# Partial derivatives

1. Apr 1, 2008

### ehrenfest

[SOLVED] partial derivatives

1. The problem statement, all variables and given/known data
Can the partial derivative of a function depend depend on the form it is in?

Say, z = f(x,y), and y=g(x,w). If I take

$$\frac{\partial z}{\partial y}$$

then I get

$$\frac{\partial f(x,y)}{\partial y}$$

which is not necessarily 0. But $\frac{\partial z}{\partial y}$ is also equal to

$$\frac{\partial f(x,g(x,w))}{\partial y}$$

which is identically 0. This is DRIVING ME OUT OF MY MIND.

Also, say we have z = f(x,y) = x^2+y^2+y and we also know that x=y. Then z also equals g(x,y) = x^2+y^2+x.

Thus, we get

$$2 y +1 = \frac{\partial f(x,y)}{\partial y} = \frac{\partial z}{\partial y} = \frac{\partial g(x,y)}{\partial y} = 2y$$

which is absurd. What is wrong with my logic?
All of these examples come from thermodynamics.
2. Relevant equations

3. The attempt at a solution

Last edited: Apr 1, 2008
2. Apr 1, 2008

### Dick

Of course the partial derivative depends on the form of the function. When you write a partial derivative you are implicitly assuming that some combination of variables is held constant. When you juggle the form around like that you are changing what you are thinking of as 'constant'. Don't do that. Use the chain rule for partial derivatives and everything will take care of itself.

3. Apr 1, 2008

### genneth

To expound on what Dick just said --- make sure you say which variables are being held constant, *explicitly*.

4. Apr 1, 2008

### ehrenfest

So, you are saying that partial derivatives do not make sense unless you hold enough variables constant to make the partial derivative unambiguous? That is, whenever I write down I partial derivative, I should always make sure that I have specified enough variables SO THAT THE PARTIAL DERIVATIVE IS INDEPENDENT OF THE FORM OF THE FUNCTION, right?

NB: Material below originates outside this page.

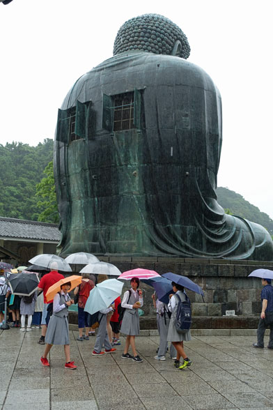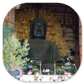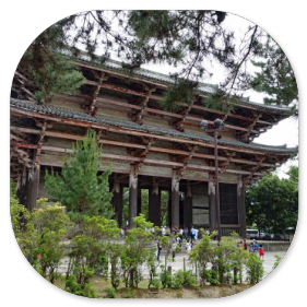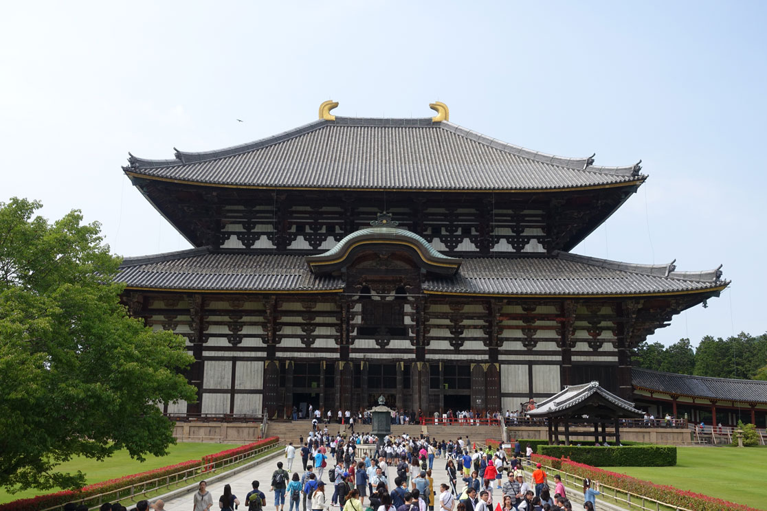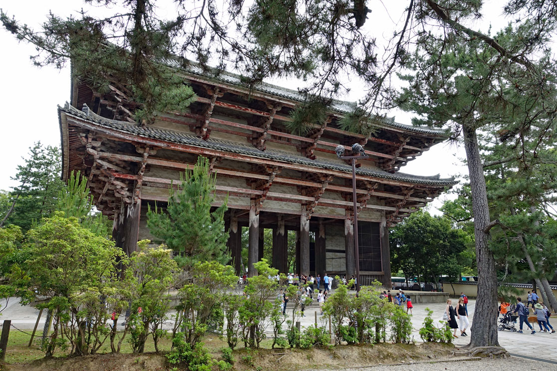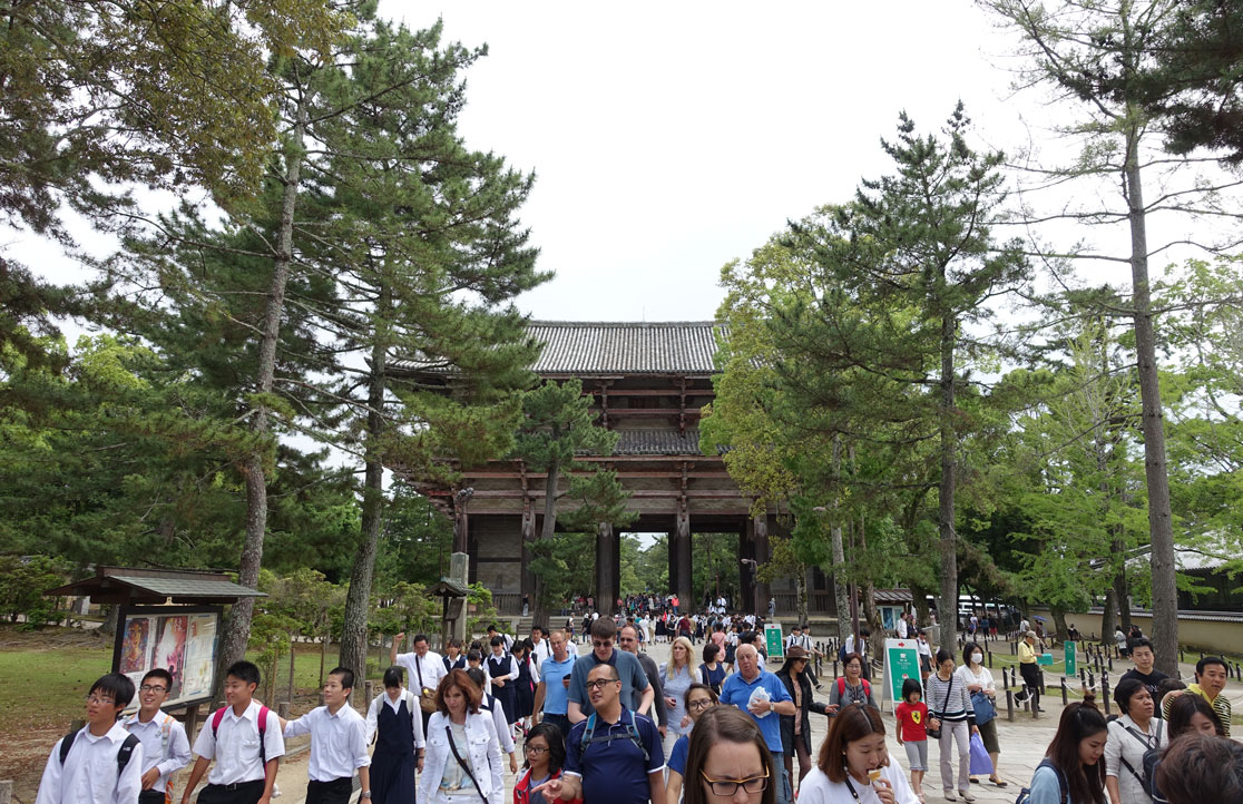 Meistens sind es Schulklassen, wie man an den Uniformen sieht, aber es sind auch viele Familien mit Kindern hier. Im Gegensatz zu den touristischen Plätzen, die wir bisher besucht haben, fallen uns jetzt statt der Ausländer viel mehr Japaner auf, die einen Sonntagsausflug in diese Stadt machen. Für die Japaner ist die riesige Tempelanlage, die UNESCO Weltkulturerbe ist, natürlich von großem Interesse und ein religiöser Zielpunkt. Die große Halle ist vermutlich der größte Holzbau der Welt und eine architektonische Leistung der damaligen Zeit. Sie wurde nämlich schon im Jahre 752 gebaut und musste so groß sein, damit die 16m hohe Buddha-Statue auch hinein passte.
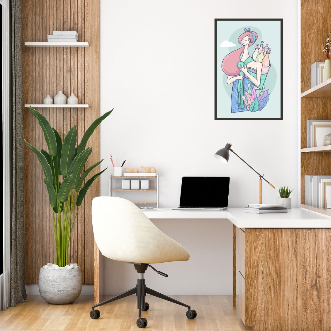 - Includes wall art featuring a depiction of a woman selling a traditional drink

How do you know when you have specified enough variables to make the partial derivative unambiguous?

Last edited: Apr 1, 2008
5. Apr 1, 2008

### Dick

Uh, when you've specified enough that the function is only a function of one unfixed variable.

6. Apr 2, 2008

### ehrenfest

What about the first two questions in my last post?

7. Apr 2, 2008

### HallsofIvy

Staff Emeritus
The answer to both of those questions is "yes".